Посошков И., 1951, с. 171.

Отрицательное отношение к иноземцам могло принимать самые разные формы. Оно могло выражаться в неоказании посильной помощи, в отказе подчиняться иноземным офицерам, в нанесении сознательного ущерба и даже в необоснованной жестокости в форс-мажорных обстоятельствах.

Так секретарь австрийского посольства Иоганн Корб в своем дневнике записал (1689 год): «На последний пожар, уничтоживший по этой стороне реки Неглинной 600 домов [не в Немецкой слободе] прибежало тушить огонь несколько немцев. Русские, совершенно напрасно обвинив их в воровстве, жестоко их избили, а после бросили в пламя и, таким образом, принесли жертву своей ярости и беспечности».
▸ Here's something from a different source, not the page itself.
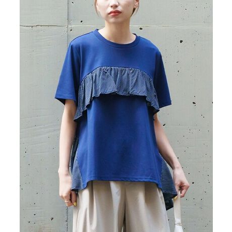 胸元の水玉フリルが大人かわいい印象。

Корб Иоганн. Дневник путешествия в московское государство. М., 1997, с. 65.  

Вряд ли подобные факты были типичными, учитывая крайнюю тенденциозность Корба в характеристике «московитов». Этот факт, вероятно, был записан Корбом с чьих-то слов, но в любом случае он имеет право на существование. Ненависть к иноземцам подтверждается и другими фактами. Тот же Корб воспроизводит слова двух служанок царевны Софьи и царевны Марфы, данные ими во время розыска по стрелецкому бунту. При допросе служанки «…показали, что ненависть, которую питают все москвитяне к генералу Лефорту и каждому немцу (выд. мной) была главным поводом к преступному замыслу». И далее уже от себя Корб добавляет: «Большая часть москвитян, по самой природе своей, имеют столь варварские нравы, что не терпят благодеяний, вносимых в их отечество иностранцами». 

Корб И., 1997, с. 96. 

Известно, что Софья в борьбе за престол с братом Петром I использовала имевшуюся в народе настроенность против иноземцев и сделала все, чтобы довести эти настроения до максимального градуса. При Петре I, благодаря идеологической поддержке со стороны церкви, верхушка которой была царем просто заменена, отрицательный настрой против иноземцев пошел вниз, но исчезнуть он не мог, что подтверждают записи испанского посланника в России Дука де-Лирия,  лично наблюдавшего тушение пожара в Немецкой слободе в 1729 году, когда сгорело 124 дома: «Могу уверить вас, что русские своей небрежностью, с которой они принимались за тушение пожара, выказали ненависть, которую они питают к иностранцам…если бы [они] взялись за дело как следует, не сгорело бы столько домов. Но русские говорили публично: не важно, это горят немцы и французы». 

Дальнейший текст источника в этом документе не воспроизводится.